How does content classification work?
ABBYY Intelligent Document Processing solutions help you organize semi-structured and pure text information and enable automatic content classification. ABBYY brings sophisticated natural language processing (NLP) and data capture technologies to users through an easy-to-use interface, making classification easy for any user.
In principle, the classification technique in Intelligent Document Processing consists of three steps:
Preparing data sets for classification training
At this step, the requested document classes are defined. For each document class, several document examples—with similar appearance and/or content—are selected. With the help of machine learning and NLP algorithms, ABBYY technology analyzes the training documents within each document class and defines parameters that should be used to identify the respective document class.
Training the Classification Model
Information about document classes and respective parameters is imported into the Classification Model, and the Classification Model is trained during this step.

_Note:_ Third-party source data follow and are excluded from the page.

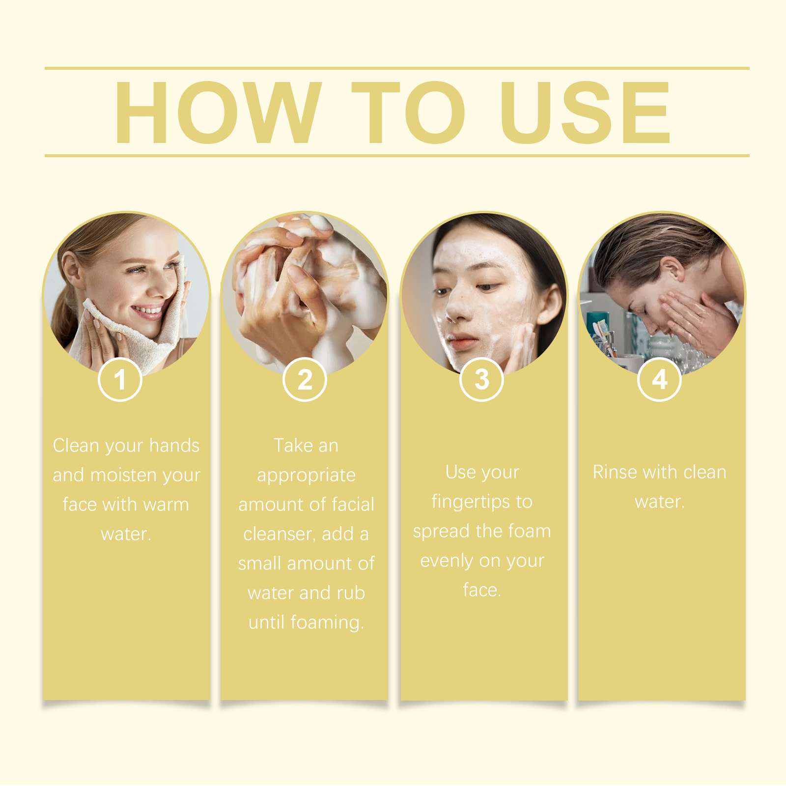 Our Vitamin C Brightening cleanser contains lemon fruit extract and vitamin C. It keeps your skin fresh and bright every day. Its use is simple: clean your hands with warm water and wet your face. Take proper amount of cleanser and rub with a little water until foaming. Use your fingertips to spread the foam evenly over your face. Rinse with water. And can easily remove facial oil stains.
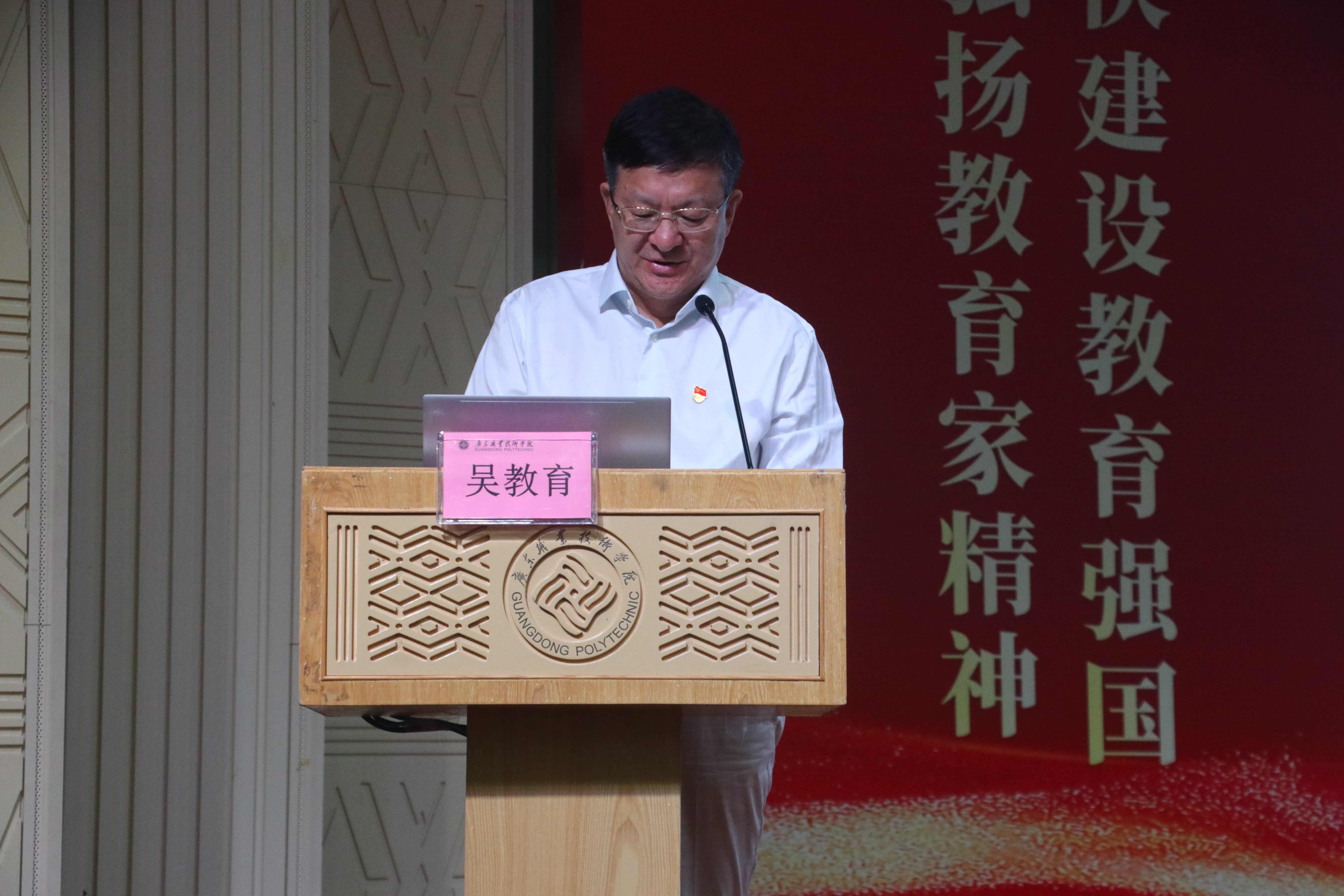 在第40個教師節來臨之際,9月4日下午,廣職院召開“大力弘揚教育家精神,加快建設教育強國”2024年秋季學期開學教職工大會暨慶祝第四十個教師節表彰大會,表彰先進典型,迎接教師節到來。大會在禪城校區大禮堂設主會場,在三校區各設視頻分會場,全體校領導出席大會,全體教職工參加大會。
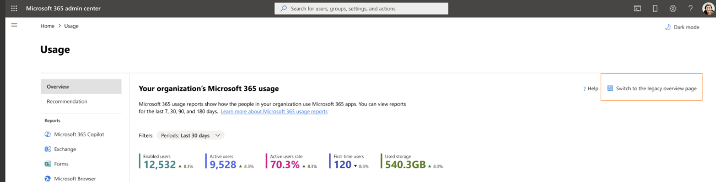 The Microsoft 365 Admin Centre’s “Usage report” overview page will be redesigned to provide a better overview of key metrics such as enabled and active users, user state compositions (e.g. first time, returning users), storage by product, and key usage metrics for Microsoft 365 apps.
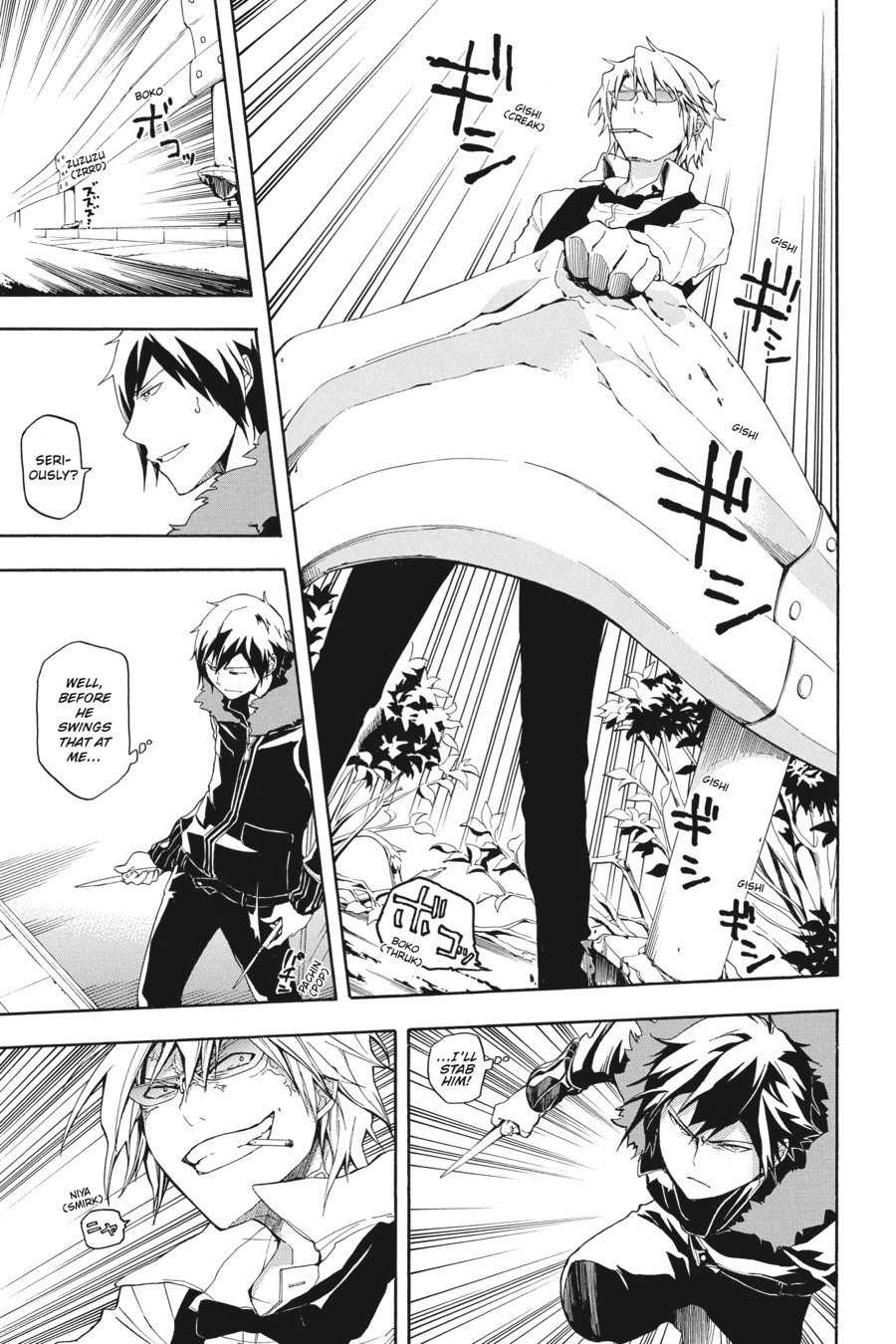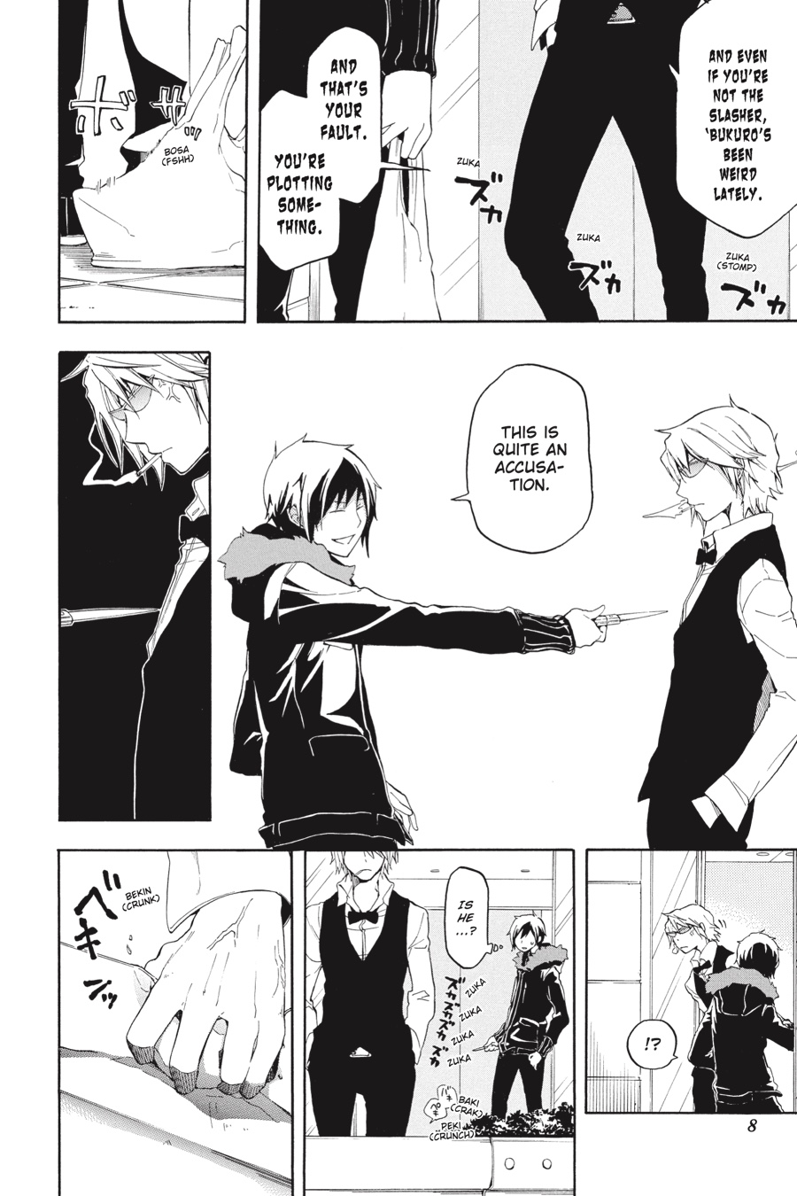 We love all of humanity. Mysterious chat room messages, all posted under the name "Saika," profess love for humanity - and for one man in particular. Saika's target: Shizuo Heiwajima!! Over fifty people have been struck in the worst case of serial slashings in the history of Ikebukuro. But the slasher's victims have tasted not only the blade, but also the vision of their attacker. A vision of love, love, love that can only be realized when their own blades have pierced the bodies of their beloveds. Shizuo braces himself for a battle to the death in the shocking climax of the Saika Arc!!

The model can use Image Classifier, Text Classifier, or a combination of both. The performance can be optimized by defining the balance between high recall and high precision. Cross-validation of data is available to test the quality of the Classification Model.
Classification deployment
During the classification process, the Classification Model analyzes each incoming document. To correctly determine the document type, the Classification Model calculates requested parameters for each document and compares them with the information it received during the training step. Developers can create a routine, allowing users to flexibly update the training data set and re-train the Classification Model.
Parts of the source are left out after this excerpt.